We demonstrate that adult diets and temporary host deprivation altered daily feeding and oviposition patterns of T. triozae females. This information can be used to develop strategies for TPP biological control. For example, we could have four days to successfully ship honey-fed and host-deprived females from production to release sites without compromising their longevity and lifetime host-killing ability. Wasps in treatments Water + Host and Honey − Host had highest fecundity peaks, suggesting that when the pest density is high, we can quickly suppress the pest population by releasing wasps that have fed on water for 24 h or on honey for four days in the absence of hosts. The current study shows that wasps that fed on honey or yeast without temporary host deprivation (Honey + Host and Yeast + Host) flattened their daily oviposition curves, which may reduce the risk of massive removal of hosts and increase establishment success of wasps in the field when the pest population density is low (Eggenkamp-Rotteveel Mansveld et al. 1982). Furthermore, wasps that fed on honey for four days without access to hosts (Honey − Host) had highest peak of daughter production, suggesting that soon after release to the field (hosts become available), these wasps are not only able to quickly suppress the pest population but also increase their own.

In the absence of hosts for four days after emergence, honey-fed wasps had longest generation time (T) and relatively low intrinsic rate of increase (r) and long doubling time (D_t) due to delayed oviposition. However, these host-deprived and honey-fed adults achieved greatest net reproductive rate (R₀), i.e., produced highest number of daughters, promoting future population growth (Sabbatini Peverieri et al. 2012). These findings suggest that treatment Honey − Host can lead to better and more sustainable control when the pest density is low at the time of release. On the other hand, wasps in treatment Water + Host had the highest r and shortest D_t, the second highest R₀ and relatively short T. Therefore, if we aim to achieve immediate control of the pest when its population density is high, we should feed newly emerged wasps with water for 24 h and then immediately release them into the infested crops. The released wasps can kill more pest individuals within a shorter time period and quickly build up their own population. The life table parameters also provide references for producers to adjust their mass-rearing programs depending on whether they want to yield more parasitoids quickly or to slow production down.

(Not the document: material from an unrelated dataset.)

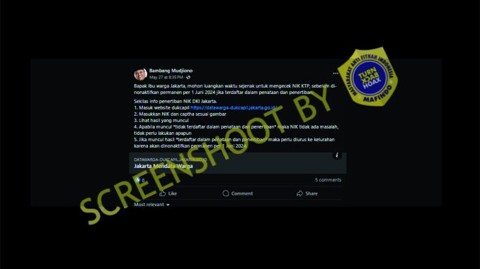 (GFD-2024-20250) [KLARIFIKASI] Penertiban NIK di Jakarta Dilakukan Bertahap

In conclusion, adult diets can affect survival and reproductive patterns of T. triozae. In the absence of hosts at emergence, wasps feeding on water or yeast diet cannot live for more than two days, which is not long enough for successful shipment. However, adult T. triozae feeding on honey solutions for four days or other diets for one day followed by provision of hosts can survive for about 21 days with similar lifetime pest killing ability. Furthermore, wasps feeding on water for one day before access to hosts have greater intrinsic rate of increase, shorter doubling time, and higher daily fecundity peak while those fed with honey or yeast for one day followed by host feeding for three days flatten their daily oviposition curves. These findings have three implications: (1) honey diet can allow at least four days for successful shipment of host-deprived adults without compromising host-killing ability; (2) releasing host-deprived wasps with one-day water feeding can achieve rapid pest suppression when the pest population density is high, and (3) releasing host-deprived adults with one-day honey or yeast feeding followed by three-day host feeding can increase the establishment success and reduce the risk of massive removal of hosts when the pest population density is low. These implications can be tested under field conditions.